Título: A Enron e o Brasil
Autor: Mauro Santayana
Fonte: Jornal do Brasil, 27/01/2006, País, p. A2

Na próxima semana, segundo o New York Times, começa um dos mais importantes julgamentos da História dos Estados Unidos, o dos ex-dirigentes da Enron, Kenneth L. Lay e Jeffrey K. Skilling. O escândalo da Enron - considerada best of the best das grandes corporações norte-americanas - mostra como a aparente transparência do capitalismo moderno é enganosa. Detrás das imponentes fachadas de seus edifícios centrais, dos balanços divulgados e dos bem redigidos press-releases, podem reunir-se hábeis criminosos, com pomposos títulos acadêmicos, para ludibriar, ao mesmo tempo, os consumidores de seus bens e serviços e os acionistas. Para isso lhes é necessária a cumplicidade dos parlamentares e dos dirigentes do Poder Executivo. Em alguns casos, e o dos Estados Unidos sob os Bush é exemplar, os executivos das grandes corporações escolhem, entre eles, os que podem melhor defender seus interesses no governo, e se articulam a fim de ali os colocar, mediante o uso de todos os recursos - e não só os do dinheiro. O fato é que há sempre um grupo de administradores que se entende, para controlar, ao mesmo tempo, o estado e o mercado.

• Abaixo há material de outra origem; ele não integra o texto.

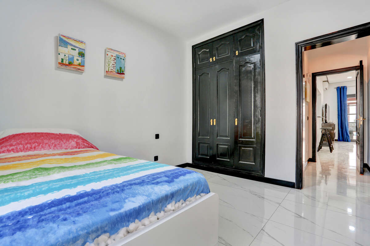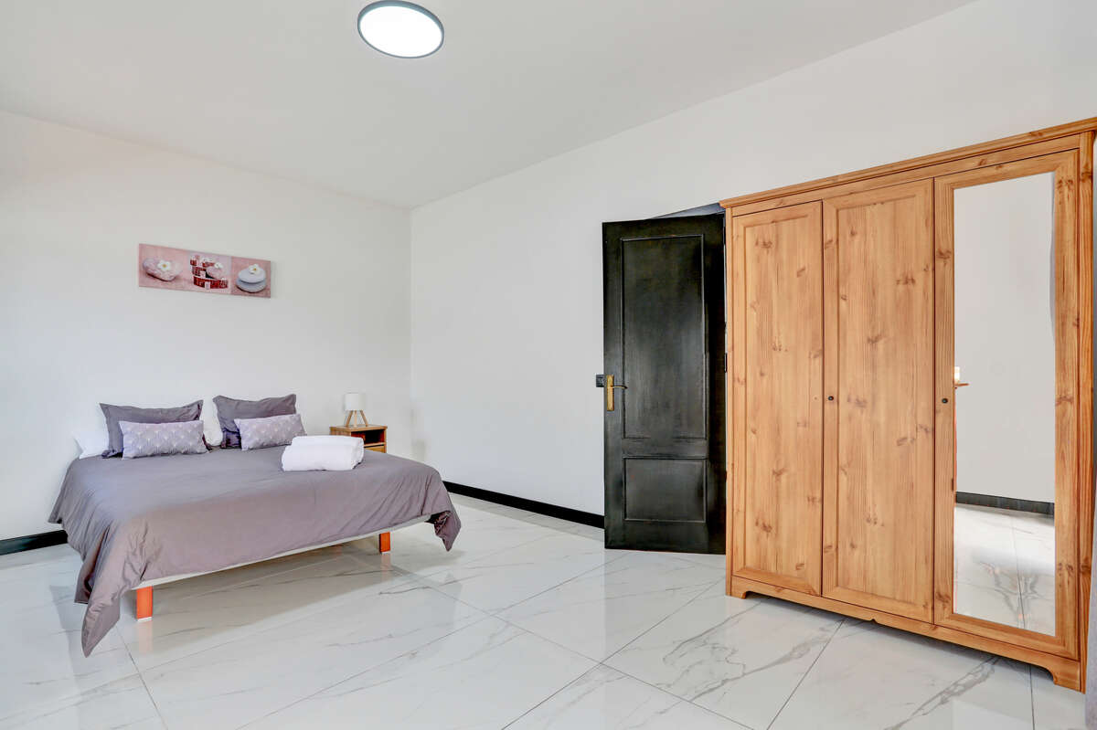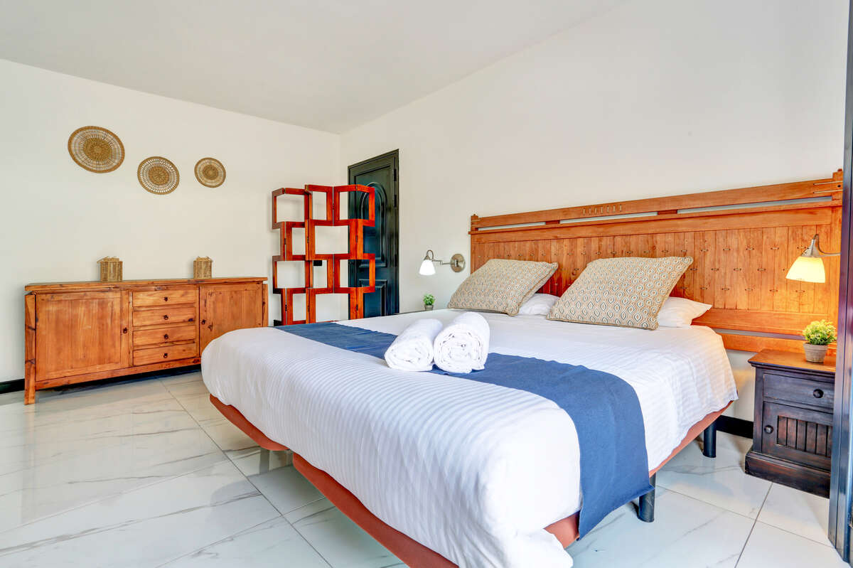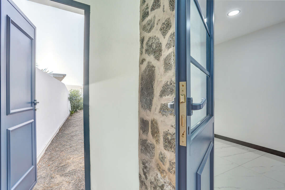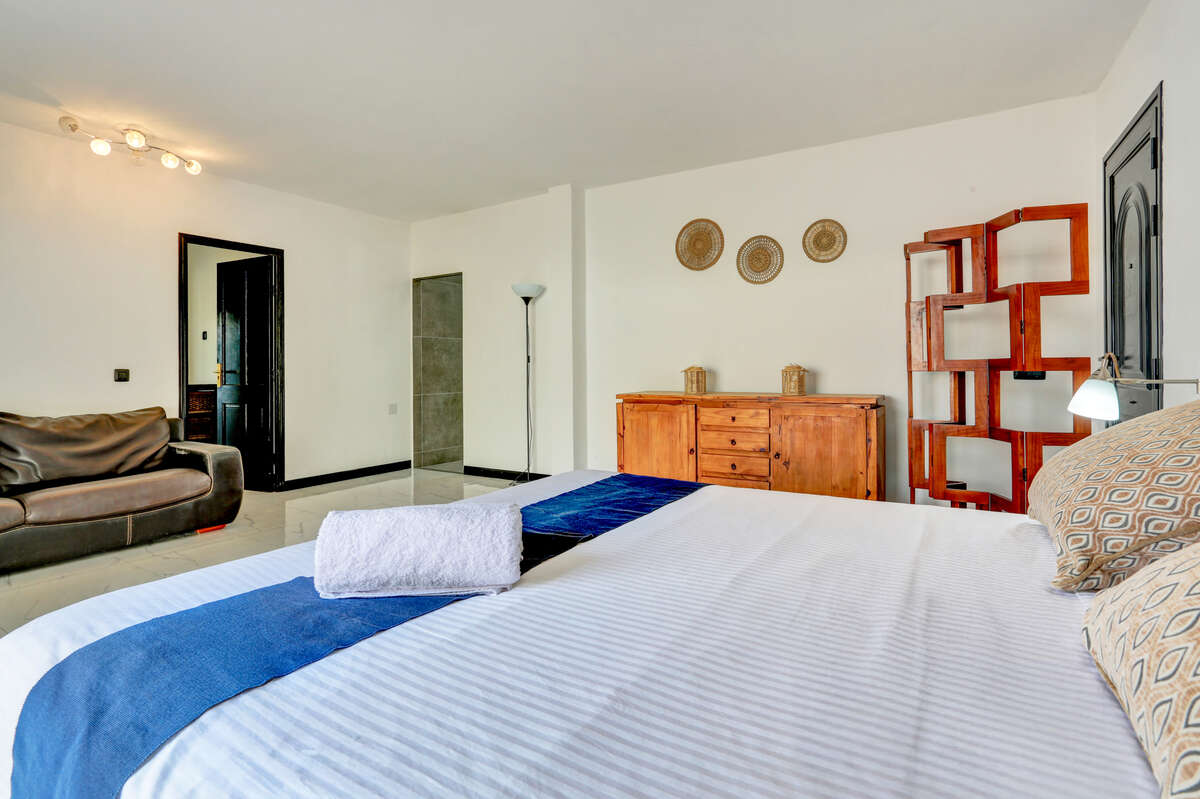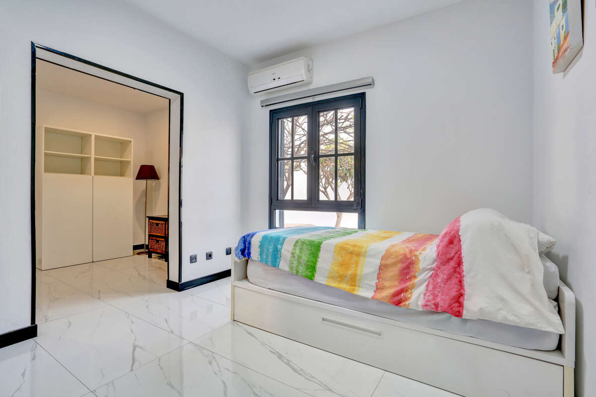 The villa has three bedrooms, two of which are particularly spacious and offer direct access to the outdoor terrace, allowing you to wake up each morning to the warm natural light of Lanzarote and enjoy a private exit onto the veranda or the pool area.

Já em 1930, em plena crise do capitalismo ocidental - com a quebra da Bolsa de Nova York - Friedrich Zimmermann, (citado por Simone Weil, em Écrits historiques et politiques) mostra a aliança burocrática daquele tempo para o exercício do poder: ''Nós nos encontramos sob o domínio da burocracia sindical, da burocracia industrial e da burocracia do Estado, e estas três burocracias se assemelham a ponto de serem intercambiáveis''. É o que vemos hoje, de forma muito mais acentuada. Deixou de existir nas imensas corporações - salvo casos muito especiais, de empresas de família - a ligação cultural entre o chão da fábrica e a gerência dos negócios. O administrador moderno é neutro, não lida com pessoas, mas, sim, com números; nada tem a ver com o cotidiano da produção. Deixa uma cadeia de lojas para dirigir uma montadora de automóveis, da mesma forma que assume qualquer função burocrática no Estado. Hoje são muito mais cotados, no mercado de trabalho, os que possuam um título de MBA do que os portadores de um PHD. É um tipo de adestramento especial, destinado apenas a aumentar os lucros, com a redução sistemática de pessoal como meio para a diminuição dos custos.

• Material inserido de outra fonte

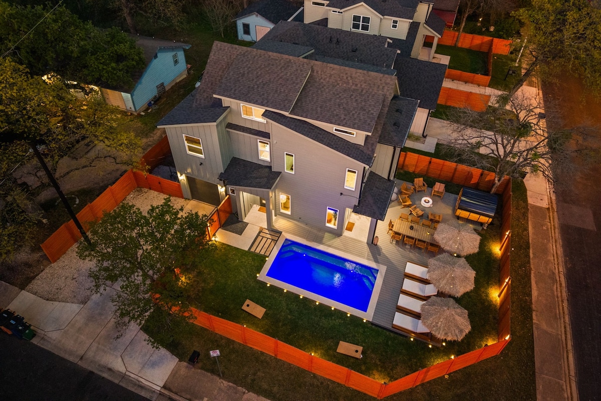 Paraíso de 5 dormitorios con piscina privada y jacuzzi a pocos minutos de la vida nocturna del centro. Relajate en dormitorios de diseño, cociná para todos en la cocina del chef y disfrutá del cielo de Texas. Pileta climatizada y jacuzzi Wifi rápido y espacio para trabajar Estacionamiento gratis para 4 autos Caminá hasta los tacos, el café y los bares de East Austin. ¡Los fines de semana de la semana se llenan rápido! Capacidad: 16 personas 5 dormitorios 4 baños 4 camas tamaño king 4 camas individuales extragrandes 4 camas simples Lugar para hacer fogata Piscina climatizada Jacuzzi Putting Green Cocina del chef Estación de trabajo dedicada Pelotón ¡Este es el lugar!

O julgamento dos capitães da Enron nos serve de exemplo. Aqui também - sobretudo a partir do governo Collor - temos sofrido a promiscuidade entre o poder público, os administradores profissionais das grandes corporações e alguns setores da burocracia sindical. Não é segredo para ninguém que a criação de uma das grandes centrais sindicais brasileiras foi financiada por empresários de São Paulo, interessados em quebrar a força da CUT. As excelentes relações entre os banqueiros e a equipe econômica são conhecidas, e intercambiáveis têm sido em suas funções: o diretor do Banco Central de hoje é o grande executivo de um banco, ou incorporador de outro, amanhã; e é no mercado que os eternos controladores da burocracia do Estado cooptam novos quadros. Trocam-se os governos, mas eles continuam no poder real.

Temos os nossos escândalos, como os norte-americanos. Os métodos podem ser diferentes, mas o objetivo é o mesmo: o controle de grandes corporações, para o enriquecimento dos administradores, mediante artifícios contábeis e jurídicos, como se provará se a CPI das Privatizações não for frustrada pelos diretamente interessados. Entre outros casos emblemáticos, temos o da privatização das Telecomunicações, com sua seqüela de escândalos envolvendo o senhor Daniel Dantas e a Kroll, nas denúncias de lavagem de dinheiro e de espionagem de autoridades governamentais. Em todas as grandes privatizações foi notória a cumplicidade entre o governo e os beneficiados.

Na matéria de ontem, o NYT diz sobre a Enron o que se pode dizer dos responsáveis pela entrega dos bens nacionais: perante o tribunal da opinião pública eles já foram condenados há muito tempo. Só há uma diferença: no caso da Enron, o julgamento formal começa na próxima semana. Não sabemos se, nem quando, os culpados pelo que ocorreu no Brasil irão aos tribunais.